Он купил новый СД Джоша Риттера для дочери — через неделю у нее был день рождения — но все время забывал его отправить. Слишком много событий произошло за последнее время. Миновав Портланд, он установил круиз-контроль, вскрыл обертку диска большим пальцем и вставил его в проигрыватель. Теперь это был уже б/у СД, такой уже не подаришь, особенно своему единственному любимому ребенку. Что ж, он купит ей другой. Если, конечно, сможет себе это позволить.

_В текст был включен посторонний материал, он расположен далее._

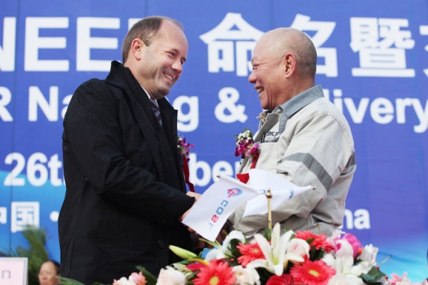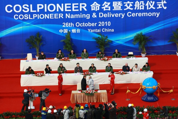 10月26日上午,中國首座深水半潛式鉆井平臺(tái)COSLPIONEER在煙臺(tái)舉行交船儀式。國家工信部裝備司副司長李東、國家能源局能源節(jié)約和科技裝備司副司長黃鸝、山東省國防科工辦主任王超英、煙臺(tái)市市長張江汀、煙臺(tái)市副市長王國群,中國海洋石油總公司副總經(jīng)理兼中海油田服務(wù)股份有限公司(以下簡稱“中海油服”)董事長劉健,中海油服首席執(zhí)行官兼總裁李勇,招商局集團(tuán)總裁兼中集集團(tuán)董事長李建紅、中集集團(tuán)總裁兼中集來福士海洋工程(新加坡)有限公司董事長麥伯良、中集集團(tuán)副總裁兼煙臺(tái)中集來福士海洋工程有限公司董事長于亞、煙臺(tái)中集來福士海洋工程有限公司首席執(zhí)行官章立人,挪威王國駐華大使斯文、挪威船級(jí)社總裁Tor E. Svensen等出席了COSLPIONEER的交船儀式。

Джош Риттер оказался довольно неплох. Похож на раннего Дилана, только более позитивного. Слушая музыку, он погрузился в размышления о деньгах. Покупка нового диска в подарок для Келси была наименьшей из всех проблем. На самом деле она хотела — и то, в чем она действительно нуждалась — это был новый лэптоп. И он отнюдь не был первым в списке необходимых вещей. Но если Барбара на самом деле сделала то, о чем она рассказала, и что подтвердили в офисе Главной Школьной Управы Округа, то он не знал, сможет ли он оплатить последний год учебы Келси в Кейс Вестерн. Даже учитывая то, что он будет работать и дальше. Это было настоящей проблемой.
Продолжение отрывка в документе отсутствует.